(Required action): Output, exactly as written, the lines below from the one that has "Bio kokos strúhaný šťavnatý 150g" through the one that has "В качестве десерта"; nothing else, and no pictures.

(Records for the task):

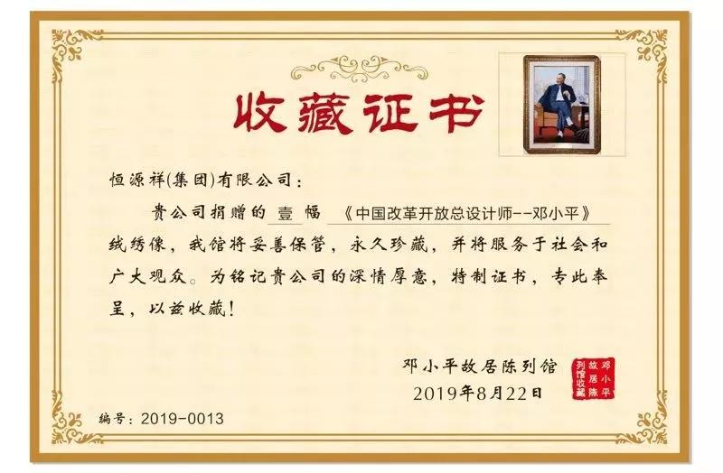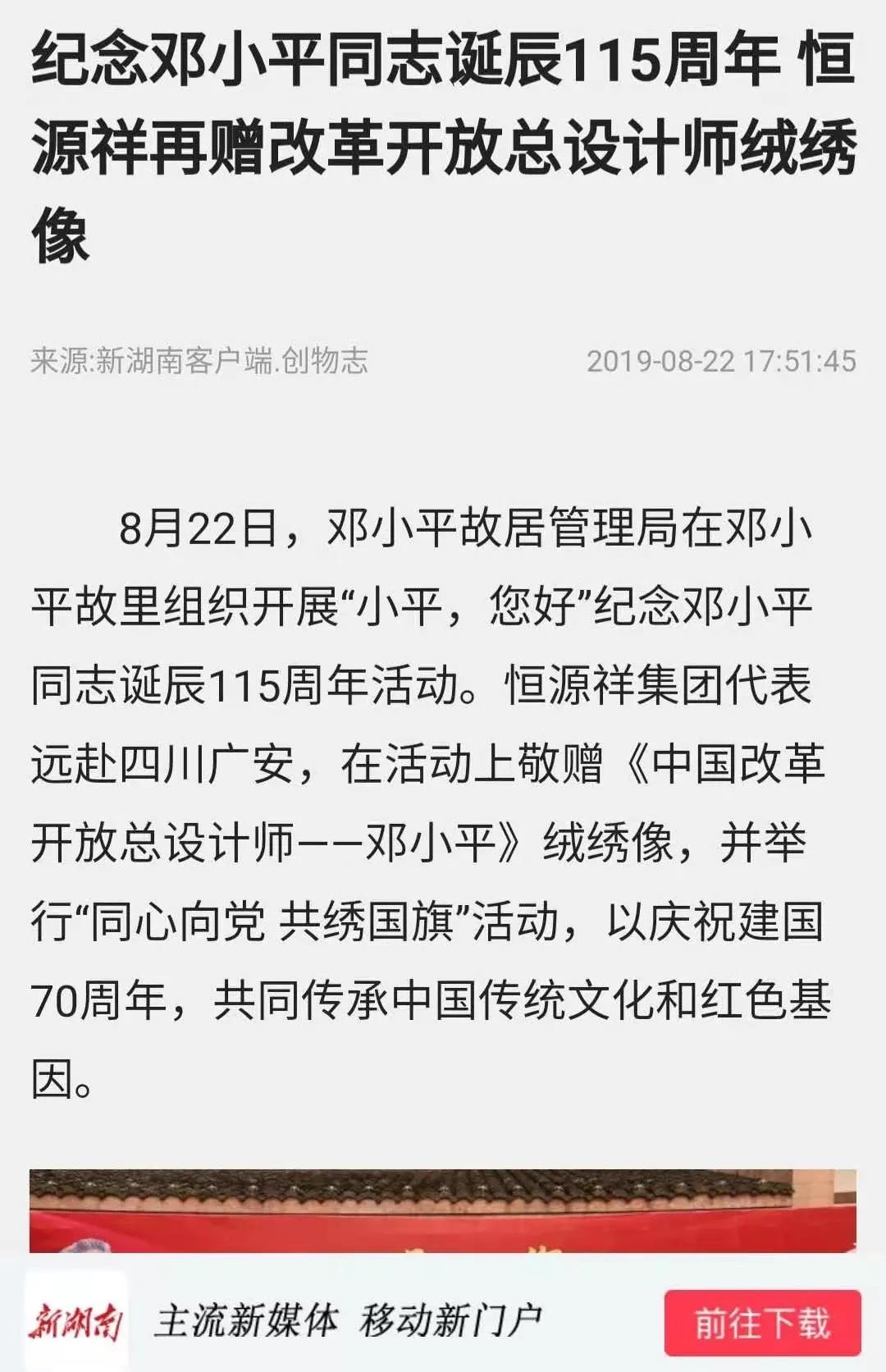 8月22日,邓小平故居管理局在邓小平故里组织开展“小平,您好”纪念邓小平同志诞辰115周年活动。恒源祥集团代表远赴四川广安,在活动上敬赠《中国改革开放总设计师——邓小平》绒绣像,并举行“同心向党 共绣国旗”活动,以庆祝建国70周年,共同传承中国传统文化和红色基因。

---

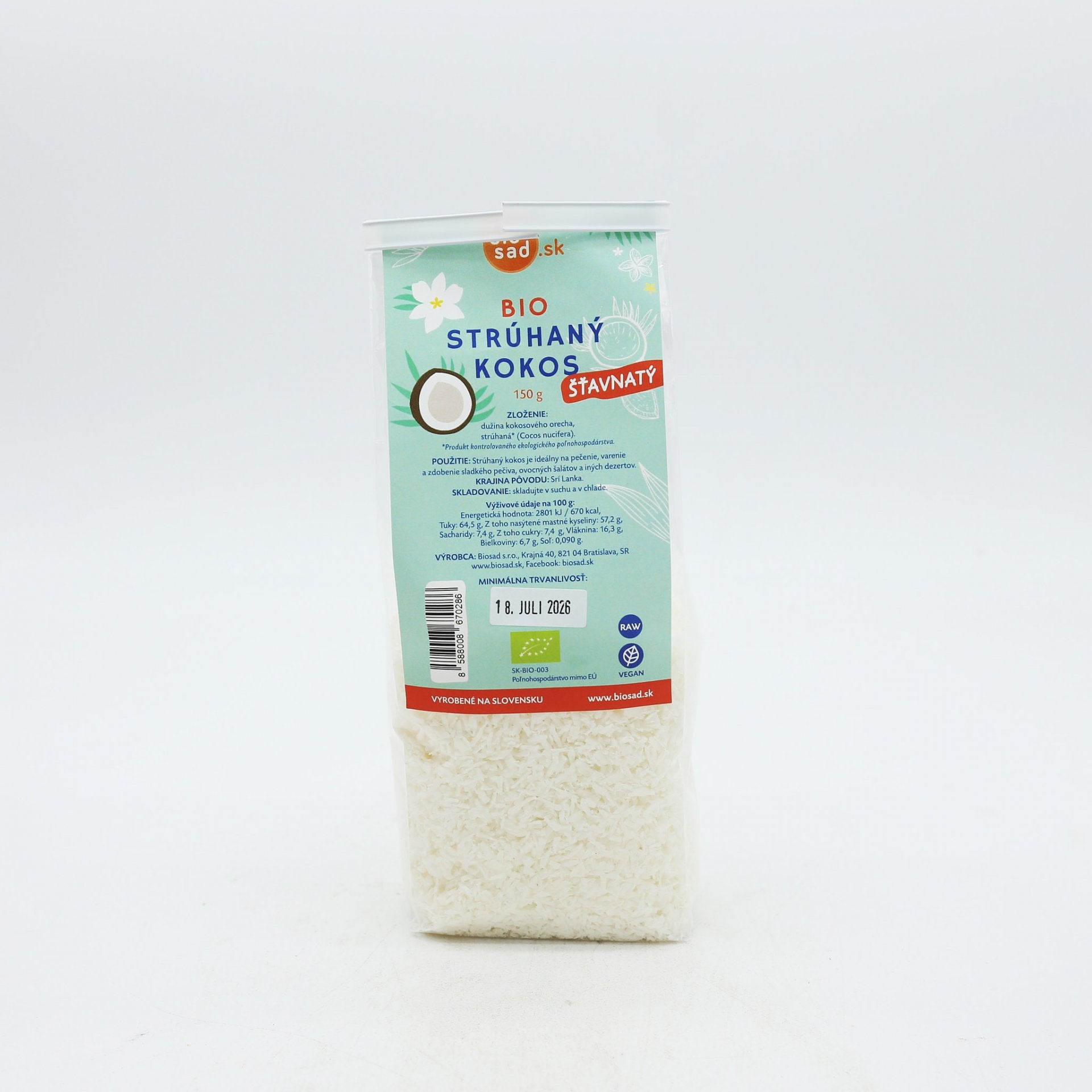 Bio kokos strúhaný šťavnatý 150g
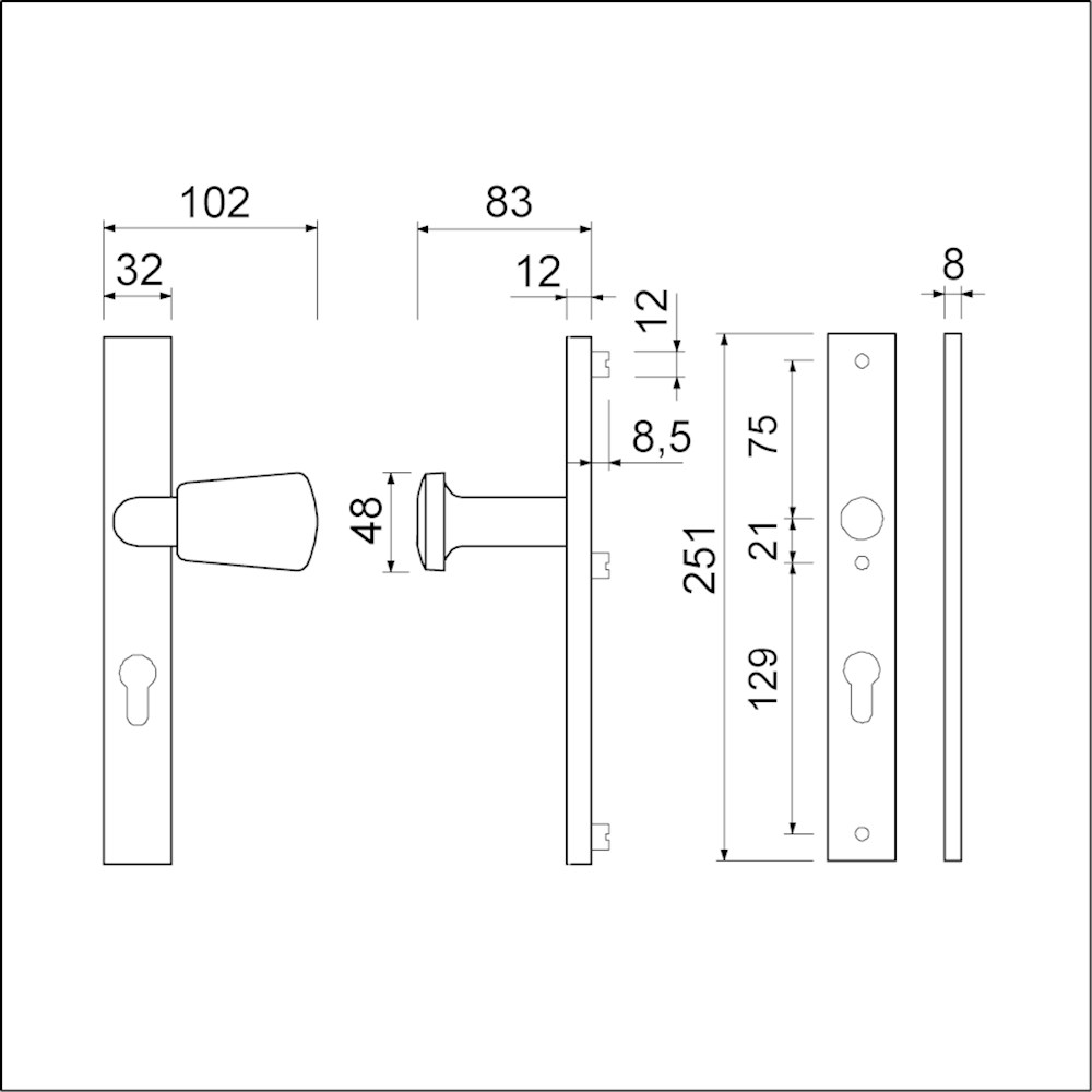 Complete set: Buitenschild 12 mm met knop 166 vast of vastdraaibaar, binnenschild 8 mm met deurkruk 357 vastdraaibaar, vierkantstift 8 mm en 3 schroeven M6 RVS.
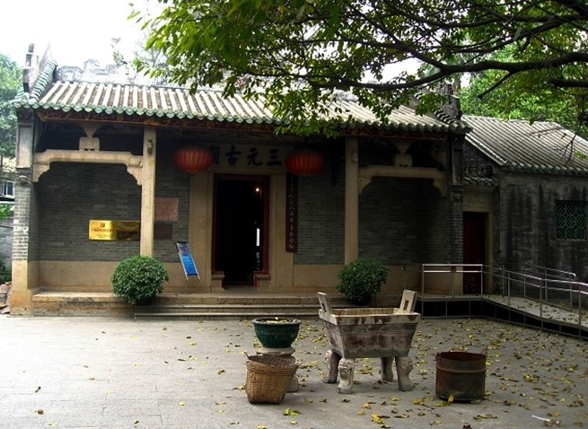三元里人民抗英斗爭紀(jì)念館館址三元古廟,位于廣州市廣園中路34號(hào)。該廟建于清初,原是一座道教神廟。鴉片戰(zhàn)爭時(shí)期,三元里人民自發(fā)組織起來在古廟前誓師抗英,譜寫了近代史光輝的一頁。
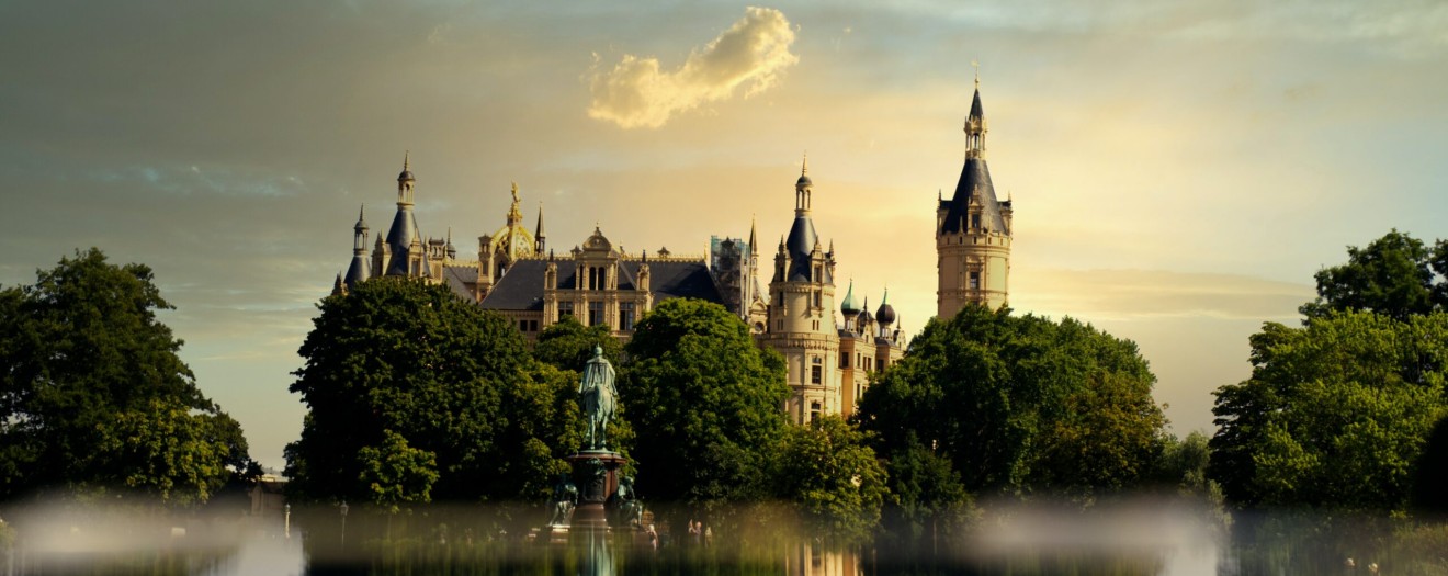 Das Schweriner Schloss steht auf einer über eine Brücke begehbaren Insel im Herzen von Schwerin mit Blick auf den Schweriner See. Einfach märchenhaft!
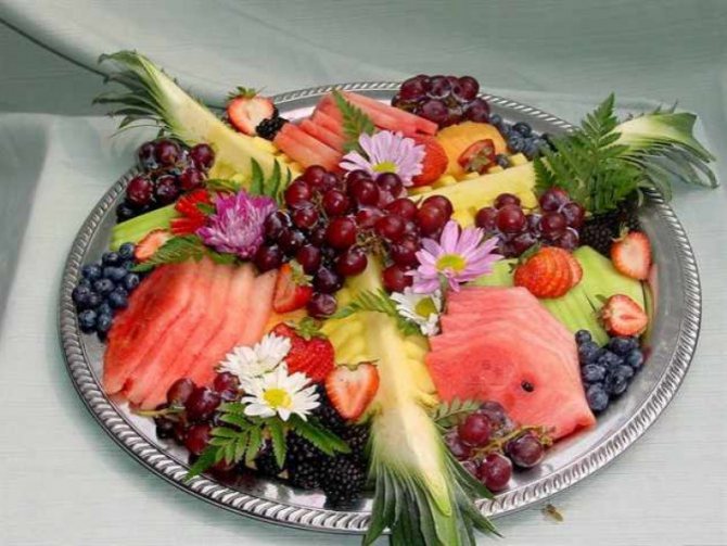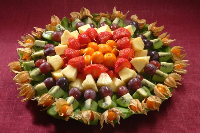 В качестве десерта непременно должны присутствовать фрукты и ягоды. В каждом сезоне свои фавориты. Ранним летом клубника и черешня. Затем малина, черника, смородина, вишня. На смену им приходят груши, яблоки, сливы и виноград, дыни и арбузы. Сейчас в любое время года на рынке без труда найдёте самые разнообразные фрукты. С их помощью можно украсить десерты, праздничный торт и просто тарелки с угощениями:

==

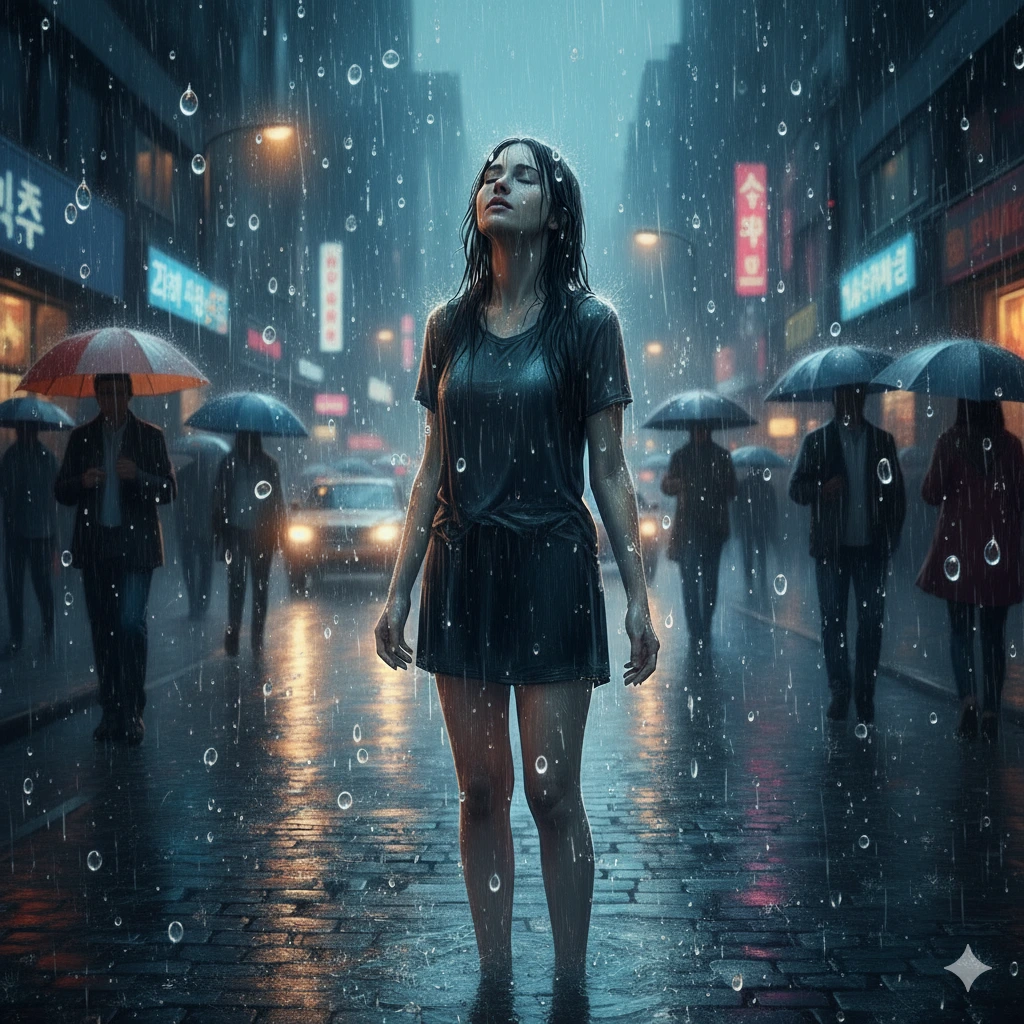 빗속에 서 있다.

(Your response):
 Bio kokos strúhaný šťavnatý 150g
 Complete set: Buitenschild 12 mm met knop 166 vast of vastdraaibaar, binnenschild 8 mm met deurkruk 357 vastdraaibaar, vierkantstift 8 mm en 3 schroeven M6 RVS.
三元里人民抗英斗爭紀(jì)念館館址三元古廟,位于廣州市廣園中路34號(hào)。該廟建于清初,原是一座道教神廟。鴉片戰(zhàn)爭時(shí)期,三元里人民自發(fā)組織起來在古廟前誓師抗英,譜寫了近代史光輝的一頁。
 Das Schweriner Schloss steht auf einer über eine Brücke begehbaren Insel im Herzen von Schwerin mit Blick auf den Schweriner See. Einfach märchenhaft!
 В качестве десерта непременно должны присутствовать фрукты и ягоды. В каждом сезоне свои фавориты. Ранним летом клубника и черешня. Затем малина, черника, смородина, вишня. На смену им приходят груши, яблоки, сливы и виноград, дыни и арбузы. Сейчас в любое время года на рынке без труда найдёте самые разнообразные фрукты. С их помощью можно украсить десерты, праздничный торт и просто тарелки с угощениями:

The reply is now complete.